Updating the Cyclones in the NBA

One of the best kept secrets in the Big 12 Conference is just how many former Cyclones are currently on NBA rosters. Here's an update on how they fared this past season.

Head male cheerleader.

Paul Shirley used those three words to describe his role on last season's Phoenix Suns team, unafraid to admit he spent most of his time on the bench.

"My role was to stay ready in case of injuries," Shirley said. "But injuries never really took a toll on us, which was a good thing."

A very good thing indeed. The Suns' run-and-gun offense averaged a scorching 110 points per game – almost seven points more than the next closest team.

"It was very different than anything I've seen, really, since high school," he said. "It was fun, it takes thinking out of the game and causes it to be more reactionary, which is the way I think it should be."

Phoenix harbored the best record in the league heading into the NBA playoffs, only to be knocked off by eventual champion San Antonio in the Western Conference finals. Shirley averaged 1.3 points in nine games.

While the rest of the Suns will be looking ahead to next season, Shirley's future is uncertain because Phoenix chose not to renew his contract for next season.

"Right now I'm just twisting in the wind, waiting to find out what's next," Shirley said.

At the moment, Shirley is back home in Kansas City training and waiting for the next step, which could include playing in the NBA's summer league, he said.

Shirley is one of six former Cyclones to play in the NBA last season. While his story is one of uncertainty, the others range from the tragic to the controversial.

Fred Hoiberg had the most up-and-down of seasons.
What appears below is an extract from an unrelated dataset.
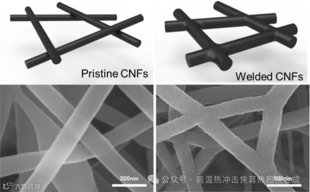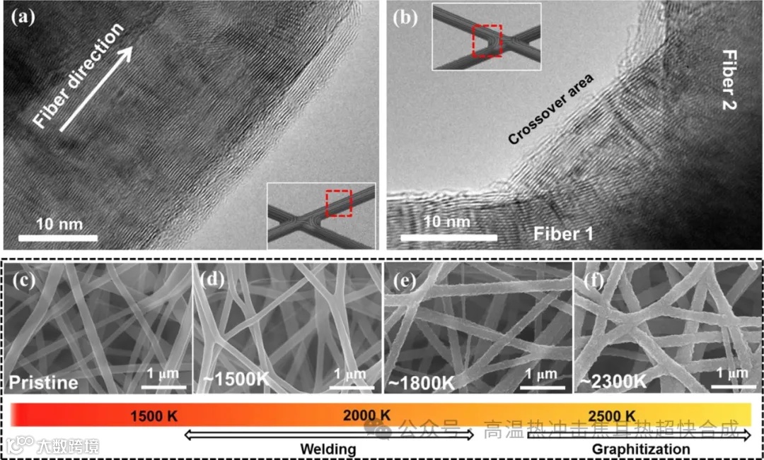 图3 通过高分辨透射电镜(HR-TEM)和SEM图像,进一步展示了焊接CNF结构的形态特征,以及在不同焦耳加热温度下CNF形态的演变,证实了在1500至2300 K温度范围内CNF的融合过程。

After a number one seed in the Western conference playoffs in 2003-04, Hoiberg's Minnesota Timberwolves looked poised to do the same damage in 2004-05. But the team chemistry wasn't there, and the Wolves weren't winning. Head coach Flip Saunders was fired midway through the season and Minnesota failed to make the playoffs.

However, Hoiberg had another solid year, averaging 5.8 points and nearly 17 minutes per game. He also managed to lead the entire league in three-point percentage, hitting 48.3 percent of his treys, a franchise record.

But after the season, things took a downturn. Hoiberg was born with an abnormally shaped valve in his heart which caused an aneurysm, or enlargement, of his aortic root. This meant he would have to undergo heart surgery.

Thankfully, the Cyclone (and Timberwolf) nation can rest easy for the time being as it was announced Tuesday morning that his surgery was a success.

When and if Hoiberg will return to the court is uncertain.

Jamaal Tinsley, a 2001 Cyclone senior and now an Indiana Pacer, was in the middle of one of the biggest black eyes in NBA history – the Nov. 19 brawl at Detroit. With three of his star teammates suspended for much of the season, Tinsley had to step up his play to stop the bleeding.

That he did, averaging 18 points per game in the months of December and January. But a foot injury in February kept him out until the playoffs where the Pacers fell to the Pistons in the Eastern Conference semifinals.

Former Cyclone Kelvin Cato started much of the season for the Orlando Magic, his third team in his eight-year career. In almost 25 minutes per game, Cato averaged seven points, the second highest average of his career.

Marcus Fizer, the highest Cyclone draft pick ever, underwent off-season knee surgery before getting signed by the Milwaukee Bucks in November. As a reserve, Fizer averaged 6.2 points and 3.2 rebounds in 54 games.

Then there's Jackson Vroman, the baby of the Cyclone NBA family. He was originally drafted by Chicago, then traded to Phoenix on draft day where he played 10 games before being dealt to New Orleans for the remainder of the season.

 Vroman averaged 4.6 points and 3.8 rebounds in his rookie campaign. ISU director of basketball operations Dave Edwards was at Iowa State for both of Vroman's seasons and followed him in his first NBA season.

"I was really pleased, he did the best that you could ask for," Edwards said. "He handled the adversity of being moved around and stepped up when he was afforded the opportunities."

Edwards said Vroman's attitude will lead to future success.

"He's a 6'11" guy who never takes a possession off, those are few and far between," Edwards said. "A term that a lot of NBA scouts like to throw around is '10-year pro' and players like that are very rare. I believe Jackson has the ability to be a 10-year pro."

Vroman and the other Cyclones have all traveled down a different NBA road some rocky, some not so rocky, but they would all agree with Shirley when he said, "it sure beats the hell out of digging ditches for a living."